TASK PROMPT: Restate word for word the lines below that run from the one holding "The continuum centroid" through the one holding "소흘도서관 동절기 학습실 운영시간 변동 안내", inclusive. Pictures don't belong in the copy.

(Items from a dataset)
Start of Block

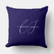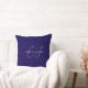 the front design shows a throw pillow with name and name monogram in white calligraphy and typography with blue background.
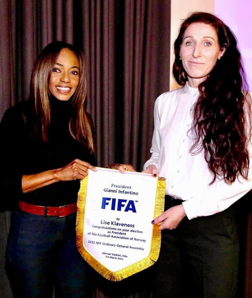 Isha Johansen representing Fifa, delivers a powerful speech today in Oslo at the Norwegian Football Federation Elective General Assembly.
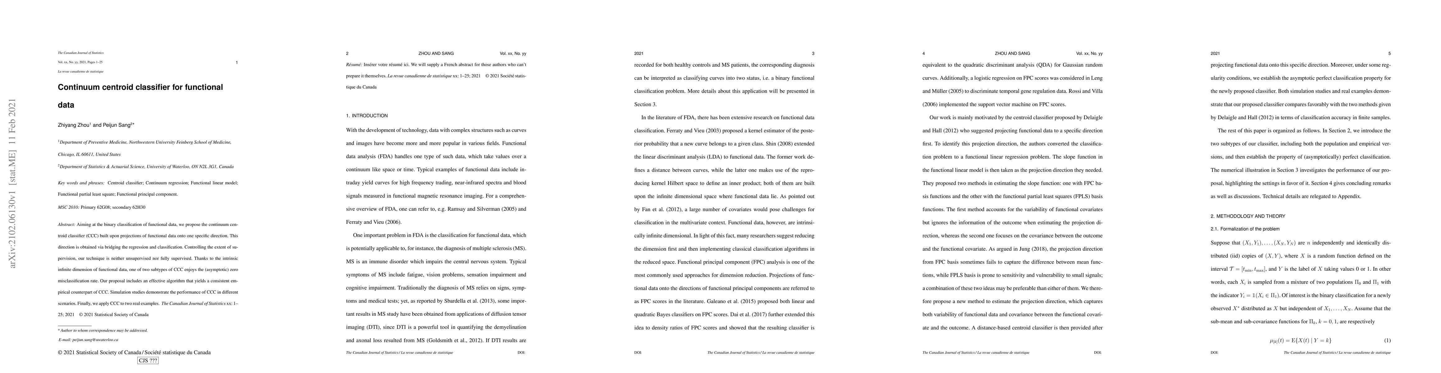 The continuum centroid classifier (CCC) is proposed for binary classification of functional data by projecting data onto a specific direction derived from regression and classification. The method achieves an asymptotic zero misclassification rate for one subtype and includes an effective algorithm for its empirical implementation, demonstrated through simulations and real-world applications.
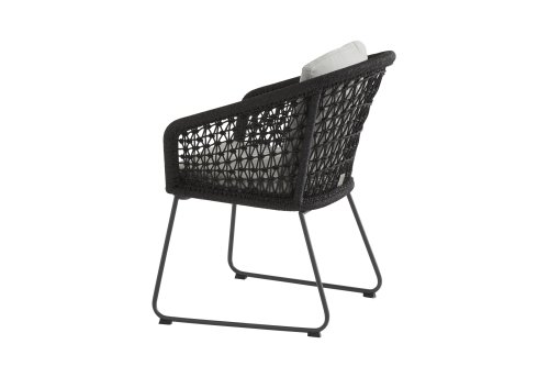 Het 4Seasons Mila frame is omvlochten is met antraciet synthetische wicker in de vorm van touw (Rope). De kussens zijn uitgevoerd in een prachtige grijs kleurige Olefin stof. Door de veerkracht van het Rope materiaal en de heerlijke zit-en rugkussens ontstaat een subliem zit-comfort! De kussens hebben een Olefin hoes welke af te ritsen is en uit te wassen op 30 graden. Deze stof is zeer weerbestendig en duurzaam.
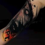 Tetování oko, nápisy na paži
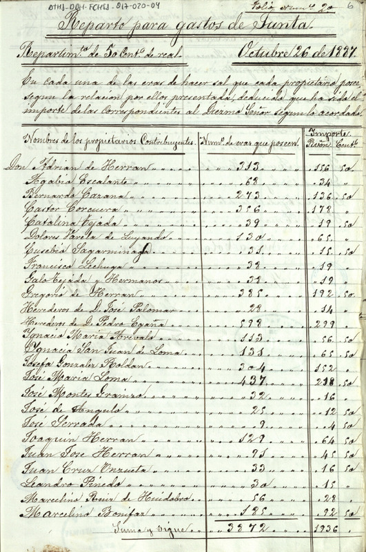 Lista del repartimiento de 50 céntimos de real en cada era de hacer sal, entre los Herederos de la Comunidad de las salinas de Añana, formada por su Diputado Ramón de Argüelles para el pago de los gastos de Junta de 1887, ascendiendo a un total de 2.250 reales
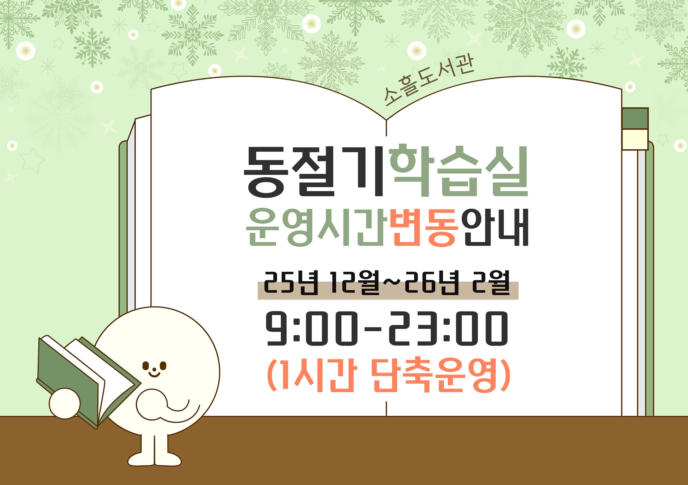 소흘도서관 동절기 학습실 운영시간 변동 안내
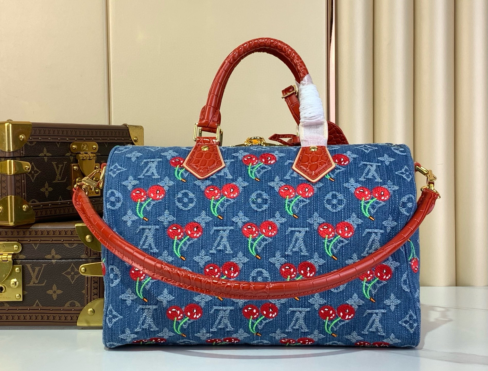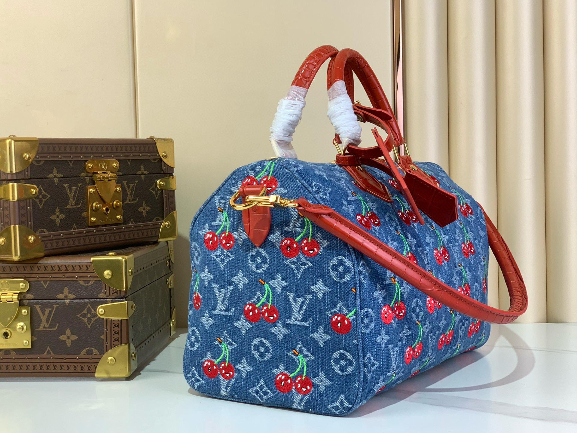 [Speedy Soft 30 Handbag] M87627 Cowboy/Cherry This Speedy Soft 30 handbag relies on exquisite bleaching technology to trace the Monogram Denim pattern born in 2005 on the cotton surface, and then highlights the details with leather trim and glossy metal pieces. The keybag and detachable brand pay tribute to the brand box inheritance, and the detachable Toron handle achieves a comfortable shoulder and back experience. Size: 30.0 x 21.0 x 17.0cm (length x height x width)
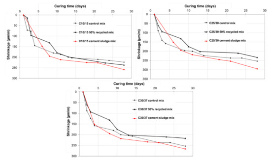 The hygrometric shrinkage tests were carried out according to UNI EN 11307. Figure 7 shows the trend over time of the sample’s deformation induced by the hygrometric shrinkage. In particular, the reported values refer to the average of the two measurements relating to the opposite faces of each sample. For concrete C10/15, the shrinkage deformation after 28 curing days ranged between 220 μm/m and 260 μm/m, while for C25/30 and C30/37 concrete grades, the values ranged between 230 μm/m and 300 μm/m and between 220 μm/m and 270 μm/m, respectively. Generally, when compared to a traditional concrete, the recycled aggregate and cement sludge mixtures have higher shrinkage.
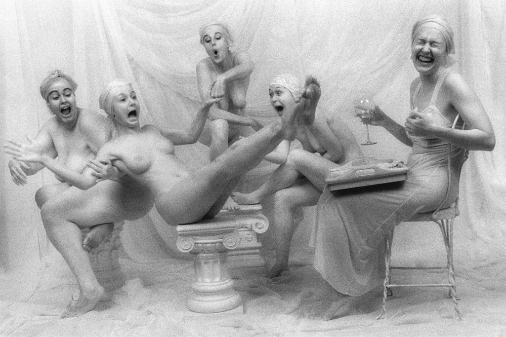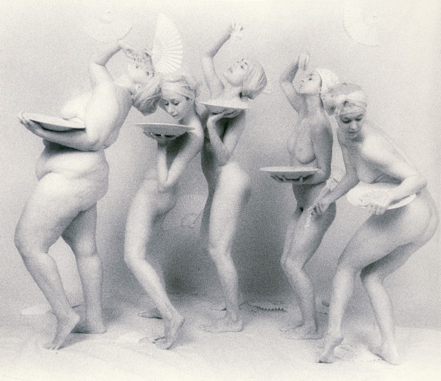 Другой концептуальный американский автор Линн Бианки предлагает тоже достаточно интересную серию, но идея которой не столь прозрачно выражена, как у предшествующего художника. Обнаженные женщины с тарелками в самых разнообразных позах и композициях. Если честно, то при просмотре складывается впечатление чрезмерного неукротимого потребления, не важно чего – будь то продукт питания, модные гаджеты, одежда и пр. Например, одна из девушек во время застолья приложила чайник к уху, другая – кружку, имитируя разговор по телефону. А вот –толстуха ест из тарелки, которую унижено – на коленях – ей предлагает худышка. Казалось бы, образ порабощения, нашей зависимости, в глобальном понимании. Но нет – в аннотации мы читаем: «Серия отражает увлечение Линн понятием красоты <…> Образы женщин различной массы и формы красивы. Они отражают внутреннее удовлетворение собой, отсутствие стыда».

End of Block

ANSWER TO THE EXERCISE:
 The continuum centroid classifier (CCC) is proposed for binary classification of functional data by projecting data onto a specific direction derived from regression and classification. The method achieves an asymptotic zero misclassification rate for one subtype and includes an effective algorithm for its empirical implementation, demonstrated through simulations and real-world applications.
 Het 4Seasons Mila frame is omvlochten is met antraciet synthetische wicker in de vorm van touw (Rope). De kussens zijn uitgevoerd in een prachtige grijs kleurige Olefin stof. Door de veerkracht van het Rope materiaal en de heerlijke zit-en rugkussens ontstaat een subliem zit-comfort! De kussens hebben een Olefin hoes welke af te ritsen is en uit te wassen op 30 graden. Deze stof is zeer weerbestendig en duurzaam.
 Tetování oko, nápisy na paži
 Lista del repartimiento de 50 céntimos de real en cada era de hacer sal, entre los Herederos de la Comunidad de las salinas de Añana, formada por su Diputado Ramón de Argüelles para el pago de los gastos de Junta de 1887, ascendiendo a un total de 2.250 reales
 소흘도서관 동절기 학습실 운영시간 변동 안내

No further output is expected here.